Please also refer to:
Take a look for this example:
If you install a version of Docker older than 1.12.1, remove the MountFlags=slave option when booting dockerd with systemd and restart docker
If those steps will not help you, please provide more details about cluster initialization and configuration to recreate this issue.

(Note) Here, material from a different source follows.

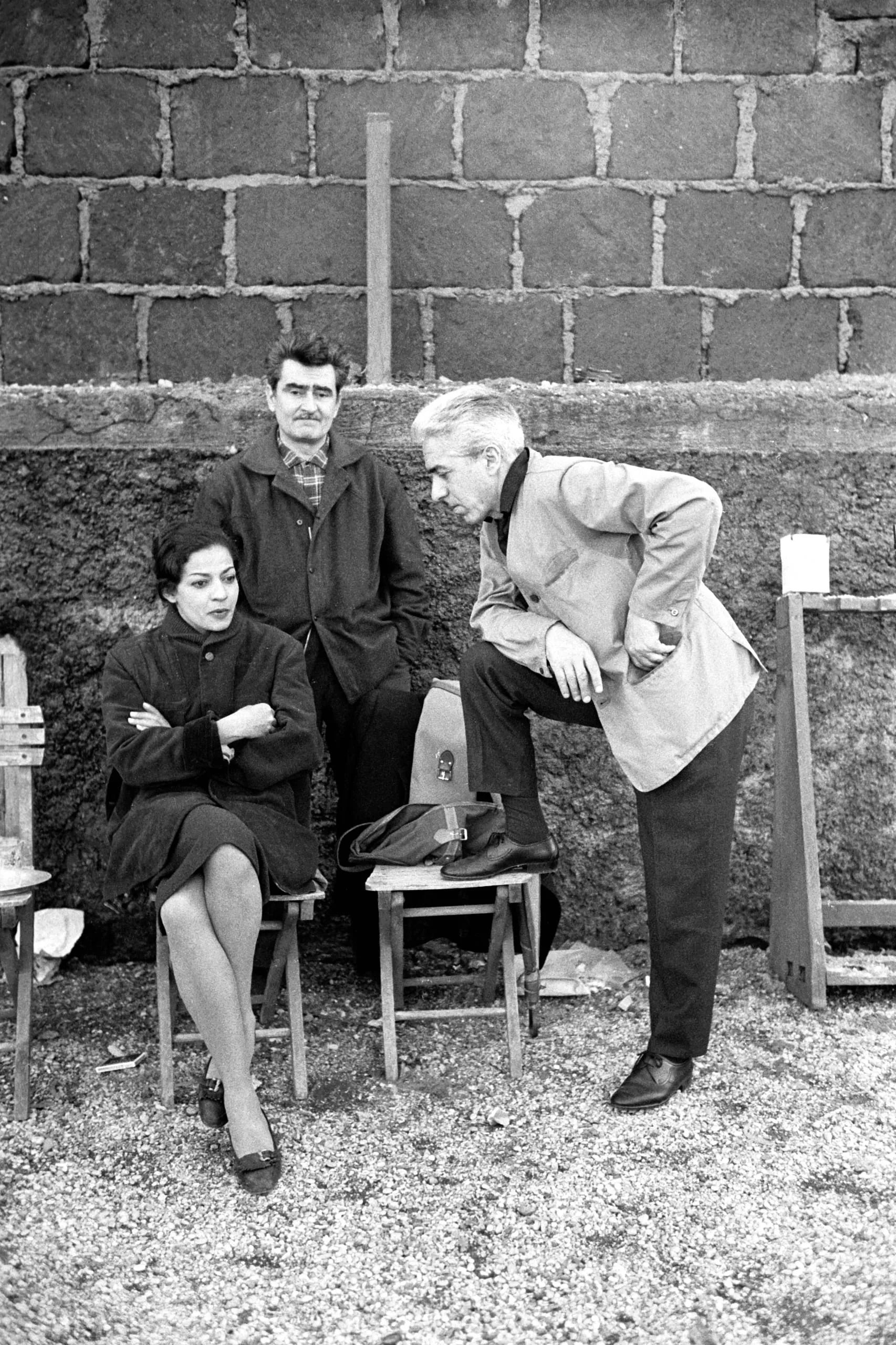 Black and white photograph of three people outdoors against a concrete block wall — a woman seated with arms crossed and two men, one standing behind her and one leaning toward her
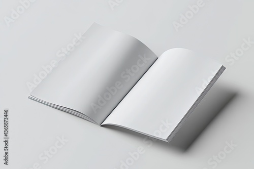 Open Magazine Blank White Pages on White Background Minimalist Style Design

I have reproduced this case using below settings.
uname -a
Linux g-dvmpku-0 3.10.0-957.27.2.el7.x86_64
cat /etc/centos-release
CentOS Linux release 7.6.1810 (Core)
kubectl version:
Client Version: version.Info{Major:"1", Minor:"15", GitVersion:"v1.15.1", GitCommit:"4485c6f18cee9a5d3c3b4e523bd27972b1b53892", GitTreeState:"clean", BuildDate:"2019-07-18T09:18:22Z", GoVersion:"go1.12.5", Compiler:"gc", Platform:"linux/amd64"}
Server Version: version.Info{Major:"1", Minor:"15", GitVersion:"v1.15.0", GitCommit:"e8462b5b5dc2584fdcd18e6bcfe9f1e4d970a529", GitTreeState:"clean", BuildDate:"2019-06-19T16:32:14Z", GoVersion:"go1.12.5", Compiler:"gc", Platform:"linux/amd64"}
kubeadm version: &version.Info{Major:"1", Minor:"15", GitVersion:"v1.15.1", GitCommit:"4485c6f18cee9a5d3c3b4e523bd27972b1b53892", GitTreeState:"clean", BuildDate:"2019-07-18T09:15:32Z", GoVersion:"go1.12.5", Compiler:"gc", Platform:"linux/amd64"}
kubelet version: Kubernetes v1.15.1
kubectl get pods --all-namespaces:
kube-system coredns-5c98db65d4-grgcq 1/1 Running 0 5m22s
kube-system coredns-5c98db65d4-gvk4w 1/1 Running 0 5m22s
kube-system etcd-g-dvmpku-0 1/1 Running 0 4m44s
kube-system kube-apiserver-g-dvmpku-0 1/1 Running 0 4m32s
kube-system kube-controller-manager-g-dvmpku-0 1/1 Running 0 4m36s
kube-system kube-flannel-ds-amd64-zhb9v 1/1 Running 0 4m38s
kube-system kube-proxy-6mdmr 1/1 Running 0 5m22s
kube-system kube-scheduler-g-dvmpku-0 1/1 Running 0 4m25s
Everything is working as expected.
I am wondering about coredns image:
In your case:
Image ID: docker://sha256:eb516548c180f8a6e0235034ccee2428027896af16a509786da13022fe95fe8c
While in my case:
Image ID: docker-pullable://k8s.gcr.io/coredns@sha256:02382353821b12c21b062c59184e227e001079bb13ebd01f9d3270ba0fcbf1e4
If I am wrong please colaborate with more details.